Once reduced add the tomatoes, beef stock, tomato paste and sugar and stir well to combine.  Have a taste and season with a sprinkle of salt and pepper.  Return the shanks to the pot, cover with a lid and bring to the boil.  Once boiling pop the pot in the oven and bake for 2 – 2 1/2 hours, stirring and re-arranging occasionally and topping up with a little liquid if necessary, either stock or water is fine.

Combine the yoghurt, lemon juice, chopped dill and salt and pepper in a bowl and set aside. Peel two large sweet potatoes, roughly chop and bring them to the boil in a large pot of salted water.  After 20 minutes they should be tender, drain, mash and add a tablespoon of butter, 1/2 a teaspoon of cumin and some salt and pepper.  Give them a good stir to combine.
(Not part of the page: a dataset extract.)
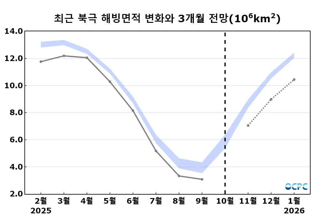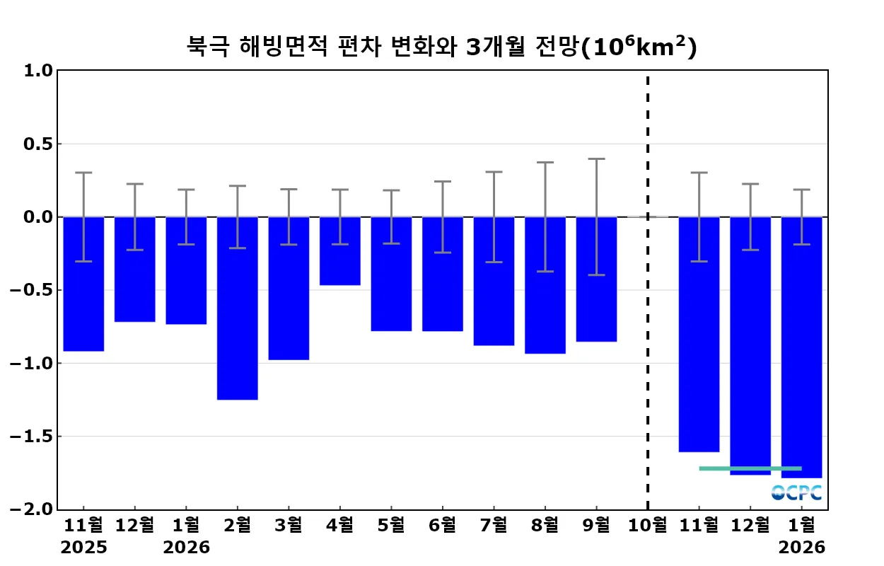 북극 2025년 11월 ~ 2026년 1월 평균 해빙면적은 평년(1,055만±24만km²)보다 감소할 것으로 전망되며, 11월에서 1월로 갈수록 음의 편차는 증가할 것으로 전망됩니다.

Divide the sweet potato between 3-4 serving plates and top with a couple of shanks.  Spoon over the sauce making sure everyone gets a couple of the whole eschalots.  Spoon over the yoghurt mix, top with some dill sprigs and serve……

*Suitable for the slow cooker.  Brown the shanks and fry off the onions, eschalots and garlic first and cook on low for 8 hours or high for 6 hours.